Available data:
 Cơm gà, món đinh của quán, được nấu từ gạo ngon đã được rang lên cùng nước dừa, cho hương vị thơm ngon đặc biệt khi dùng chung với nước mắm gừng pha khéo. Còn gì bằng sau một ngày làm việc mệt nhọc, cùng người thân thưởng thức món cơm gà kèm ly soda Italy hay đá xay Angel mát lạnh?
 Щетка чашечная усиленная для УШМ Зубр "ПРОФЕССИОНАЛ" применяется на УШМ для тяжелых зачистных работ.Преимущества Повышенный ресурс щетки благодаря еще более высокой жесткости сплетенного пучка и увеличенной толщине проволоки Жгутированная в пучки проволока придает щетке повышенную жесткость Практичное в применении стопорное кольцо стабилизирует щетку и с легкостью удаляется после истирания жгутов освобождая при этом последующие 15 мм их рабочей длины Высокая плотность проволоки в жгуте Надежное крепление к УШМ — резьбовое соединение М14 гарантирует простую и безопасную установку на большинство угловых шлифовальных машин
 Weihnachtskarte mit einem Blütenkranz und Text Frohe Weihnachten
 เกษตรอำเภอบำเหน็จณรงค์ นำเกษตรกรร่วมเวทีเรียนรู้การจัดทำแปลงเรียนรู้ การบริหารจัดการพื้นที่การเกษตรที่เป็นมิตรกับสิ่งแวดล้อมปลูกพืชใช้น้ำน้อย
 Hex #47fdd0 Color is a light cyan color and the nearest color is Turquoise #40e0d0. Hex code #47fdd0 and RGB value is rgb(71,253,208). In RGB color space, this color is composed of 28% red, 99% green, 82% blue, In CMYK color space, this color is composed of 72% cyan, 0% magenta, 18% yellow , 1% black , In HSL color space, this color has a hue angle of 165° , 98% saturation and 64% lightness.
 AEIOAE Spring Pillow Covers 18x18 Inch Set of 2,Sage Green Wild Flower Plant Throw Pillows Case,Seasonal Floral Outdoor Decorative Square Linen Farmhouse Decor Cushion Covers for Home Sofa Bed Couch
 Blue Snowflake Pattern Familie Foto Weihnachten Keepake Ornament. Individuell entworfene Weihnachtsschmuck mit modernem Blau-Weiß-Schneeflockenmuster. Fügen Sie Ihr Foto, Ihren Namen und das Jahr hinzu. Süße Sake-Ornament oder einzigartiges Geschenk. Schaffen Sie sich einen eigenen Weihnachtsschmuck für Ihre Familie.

Work instruction: Pick out all lines from the data above in which the word "Weihnachten" appears.

Problem solution:
 Weihnachtskarte mit einem Blütenkranz und Text Frohe Weihnachten
 Blue Snowflake Pattern Familie Foto Weihnachten Keepake Ornament. Individuell entworfene Weihnachtsschmuck mit modernem Blau-Weiß-Schneeflockenmuster. Fügen Sie Ihr Foto, Ihren Namen und das Jahr hinzu. Süße Sake-Ornament oder einzigartiges Geschenk. Schaffen Sie sich einen eigenen Weihnachtsschmuck für Ihre Familie.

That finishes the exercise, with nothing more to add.